Collar Holds Blessing, Believers Say

Sarsina, Italy — Sebastiana Magnano has been traveling to the Romanesque church here for years to have a centuries-old metal shackle clamped around her neck.

Like pilgrims through the centuries, she comes for the blessing contained in the mysterious relic, a collar descended from the mystic St. Vicinus, who lived 1,700 years ago.

Inside the church, Magnano stands before the coffin bearing an effigy of the saint. Father Gabriele Foschi places the collar on her and says a brief prayer. She is followed by about 30 other worshipers who undergo the same ritual.

"You feel protected from the forces of evil," Magnano, a 40-year-old homemaker, said afterward. "It might only be psychological, but I feel covered. It's one more blessing to have."

In rural, Roman Catholic Italy, many people remain very religious, and very superstitious. The two belief systems coexist, tightly intertwined and surprisingly complementary.

The cult that has emerged here in Sarsina, a town in the hills between Tuscany and the northern Adriatic Sea, centers on the metal collar. Legend has it that St. Vicinus, bishop in Sarsina around AD 300, used it first as a form of self-castigation when he prayed. It resembles a shackle that might be used on a slave. He would put it around his neck attached to a heavy stone to focus his mind in penitence.

Eventually he began to use it to ward off evil spirits. St. Vicinus became one of the church's early exorcists, and the fame of the collar and its purported powers have endured. (The one used now is not said to be St. Vicinus' original but is believed to date to the 8th or 9th century, roughly the same time the church was built.)

Tens of thousands of pilgrims come to Sarsina every year in search of a blessing, Father Gabriele said. He repeats the ceremony every few hours, usually on Sundays and sometimes on other days as well. During especially busy periods, such as Lent, he can issue hundreds of blessings a day, he said.

Pilgrims come with a whole passel of problems, the priest said on a recent Sunday at his residence above the church, over a lunch of pasta prepared by his 80-year-old mother.

Facing divorce, unruly children, broken hearts, physical illness, lost jobs, they come with hope that a blessing will turn their luck and rid their lives of the negative vibes they believe to be at the root of their troubles.

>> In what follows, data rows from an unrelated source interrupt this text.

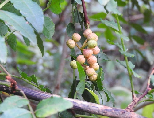 サンショウは雌雄別株で、雌株の自生は専門書によれば少ないそうです。
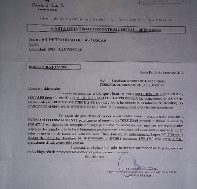 LAS TOSCAS – La Municipalidad de Las Toscas, recibió una intimación de parte de la Dirección de Ejecuciones Fiscales, dependiente de la Fiscalía de Estado de la provincia, por la suma de 100 mil pesos, por falta de rendición de la gestión anterior.La carta de intimación en cuestión dice lo siguiente:
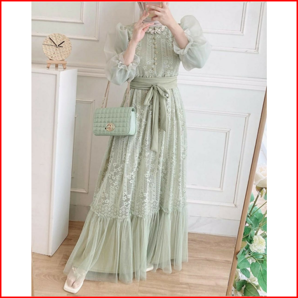 Dress Inara Brukat Cantik Dress Kondangan Wanita Fashion Muslimah Baju Gamis Kekinian
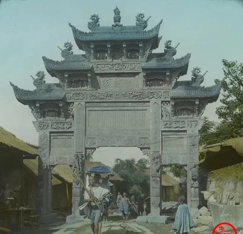 1917年四川彩色老照片:害人的孝节牌坊,瘦骨嶙峋的卖油翁。
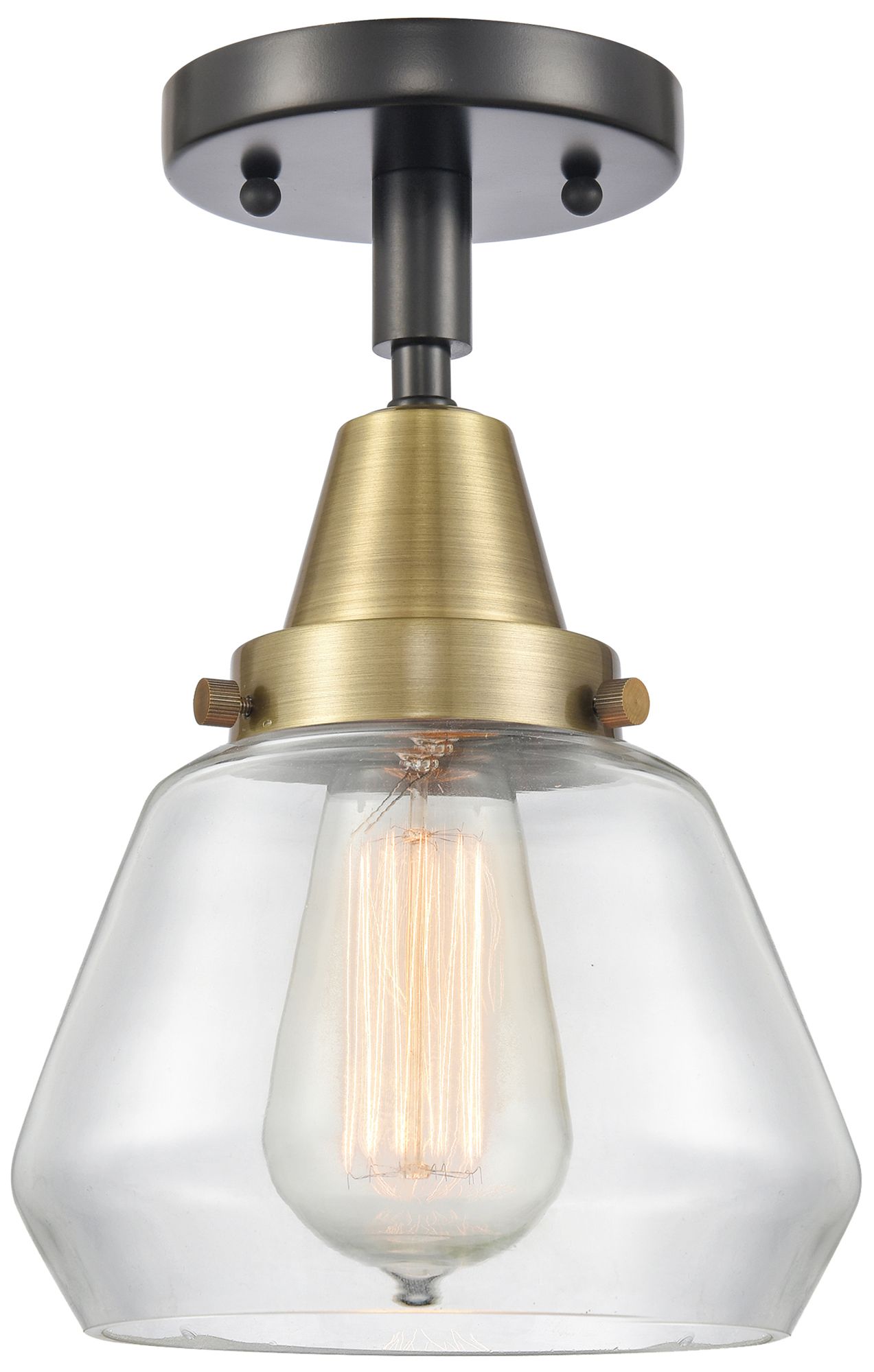 Caden Fulton 7" Wide Black Antique Brass Flush Mount With Clear Shade
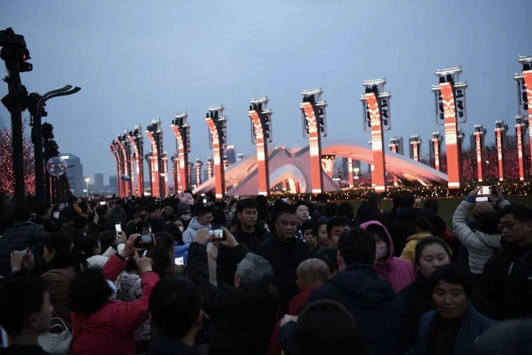 春晚后,罍街将“春晚同款” 烟火气拉满,总台春晚上的百家宴场景一出来,很多游客便寻迹而来。这个假期,罍街除了设置三大春晚打卡机位,还原春晚氛围,推出限定百家宴套餐、春晚同款小吃及专属文创礼包。春节期间,罍街日均客流超6万,成为游客来合肥必打卡地之一。
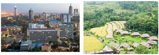 Indirect experience of nature, although involving actual contact, occurs in created and highly controlled environments that depend on ongoing human management and intervention. Indirect experience of nature is highly structured, organized, and planned; it may occur in settings such as zoos, parks, museums, and botanical gardens. In addition, indirect experience takes place in situations where an adult guides children’s observation [9] (p. 65). The concept of indirect experience of nature was applied to textbook visuals that depicted landscapes and objects, in addition to people in a portrait-like manner. Basically, these visuals show that ‘this is how it looks here’ in the same way people go to the zoo to see what different species of animals appear to be. In order to avoid confusion with Kellert’s terminology, this category is named ‘landscape visuals’. Two examples of landscape visuals are given in Figure 2.
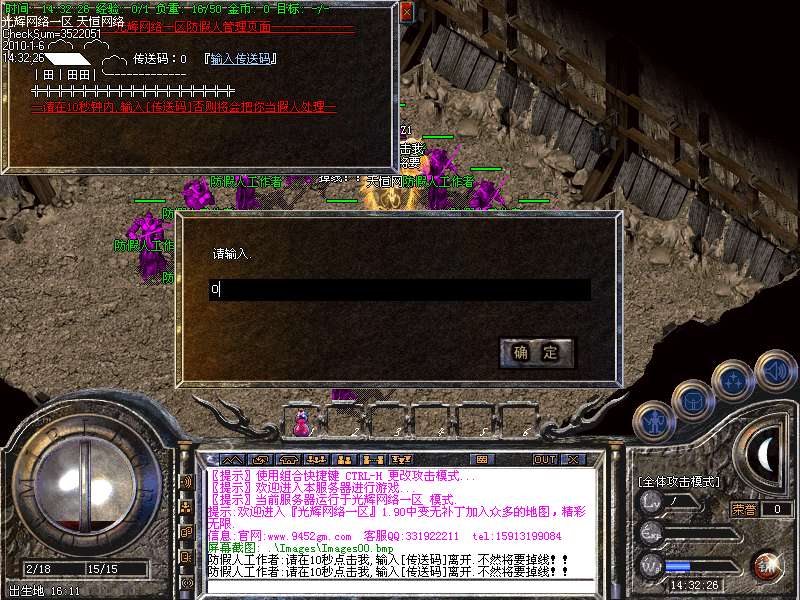 1;防假人工作者必须指定时间内输入NPC提示的游戏验证码,否则踢下线。
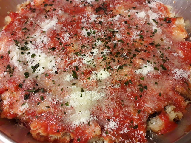 con pomodoro,grattugiato ,basilico e olio a filo,infornare x 10′ a circa 200°,poi riprendere
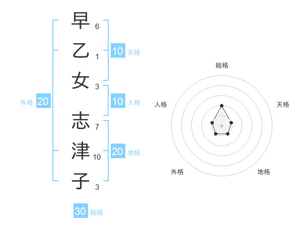 早乙女 志津子さんを姓名の画数から五運を鑑定
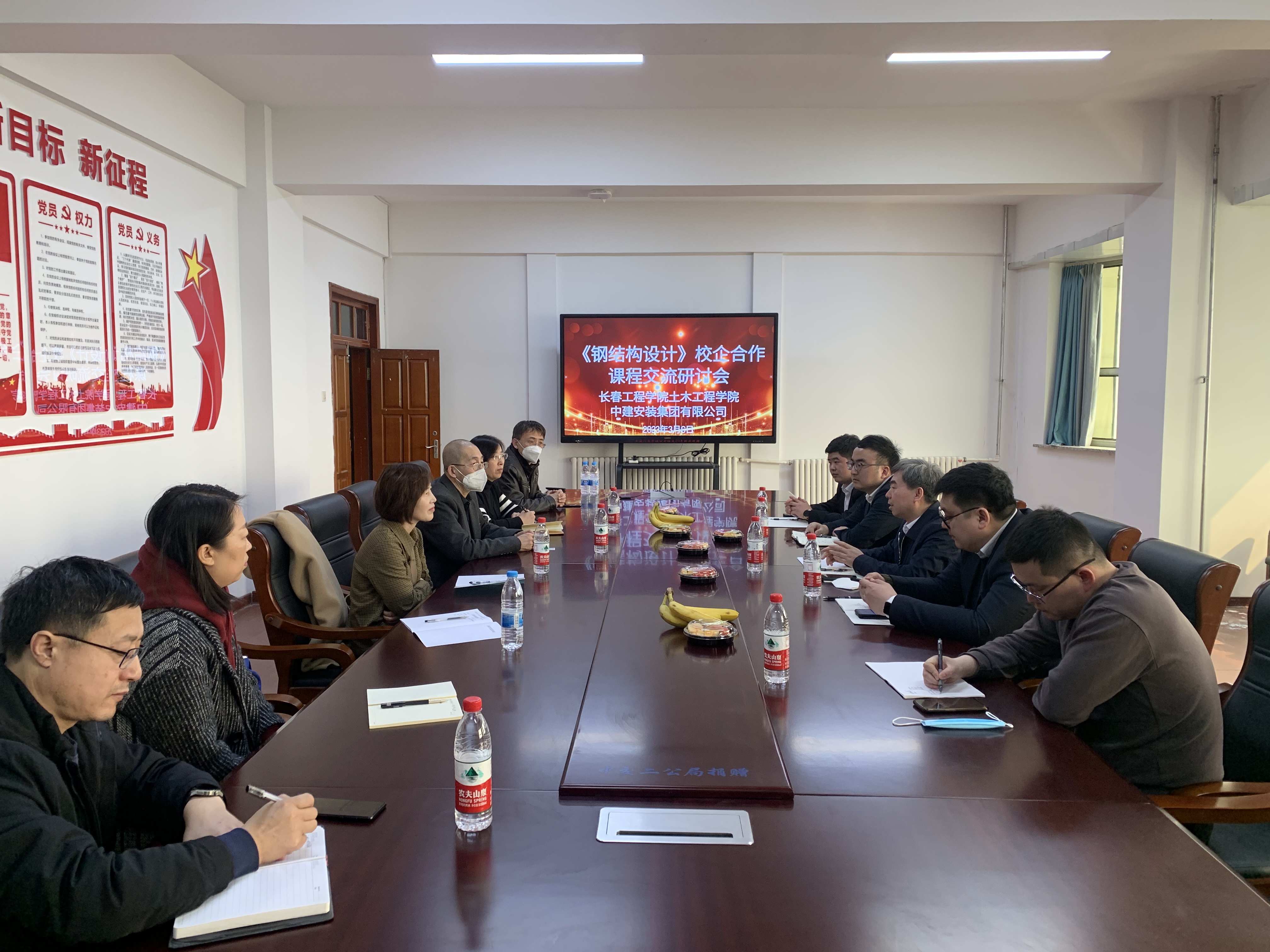 为强化专业内涵建设,深化教学改革,培养复合应用型人才,心博在线平台(中国)官网土木工程学院与中建安装集团东北公司加大校企合作力度,促进形成课程开发、课程建设的长效共赢机制。3月6日,中建安装集团东北公司总工程师樊现超等一行五人来到心博在线平台(中国)官网土木工程学院就《钢结构设计》课程进行交流、研讨。

Father Gabriele, like many priests, is also authorized by the church hierarchy to work as an exorcist. Although most visitors come simply for the collar blessing, he said, a small number of exceptionally agitated ones may end up needing extra prayers or an exorcism to rid them of demonic possession or other diabolic afflictions.

"A lot of my work here is to help a person make his own personality stronger," he said. "This helps people discover through Christ his love. And that way we conquer the devil."

Most of those who stop by are Italians from other parts of the country, especially the northeast, and a number of foreigners, including Americans and Germans. The other day, some were quiet and reverent as Father Gabriele sprinkled them with holy water and then dispensed the blessings; others looked more bemused, shrugging their shoulders after the collar was removed.

Father Gabriele said not everyone comes with the right attitude. Some people are skeptical, or they're expecting some kind of hocus-pocus rather than serious prayer, he said.

"I'm not a magician. I'm not a fortune teller. I'm an exorcist — a priest with a special ministry," he said. "I want to give a sense of the reality of faith."

The faithful believe.

"It's a tradition, and it gives you strength," said Valter Leoni, a man in his 70s receiving the blessing. "It's something my father did and my grandfather did."

Paula Schimizzi, 70, traveled 50 miles from her home in the coastal city of Ravenna. She said she and her 80-year-old husband have been getting regular blessings to "liberate" them from evil spells cast by jealous neighbors who envy the family's successful car-repair business.

It's worked, she said, because her son has been protected from the evil and will be able to take over the business. Schimizzi was loading up on bottles of holy water that the church sells, for good measure.

Outside the red-brick facade of the church, Sarsina residents were strolling in the piazza and taking in the sun. A group of older men, seated on a bench, chatted energetically.

One of them, Lucio Cangini, a former city official, was philosophical about his town's status as home to such an unusual attraction. He welcomed the visitors and said he understood the pilgrims and their craving for miracles.

"As a cultural factor, it's very important," he said of St. Vicinus and the sacred collar. "As a reality, that's open to debate."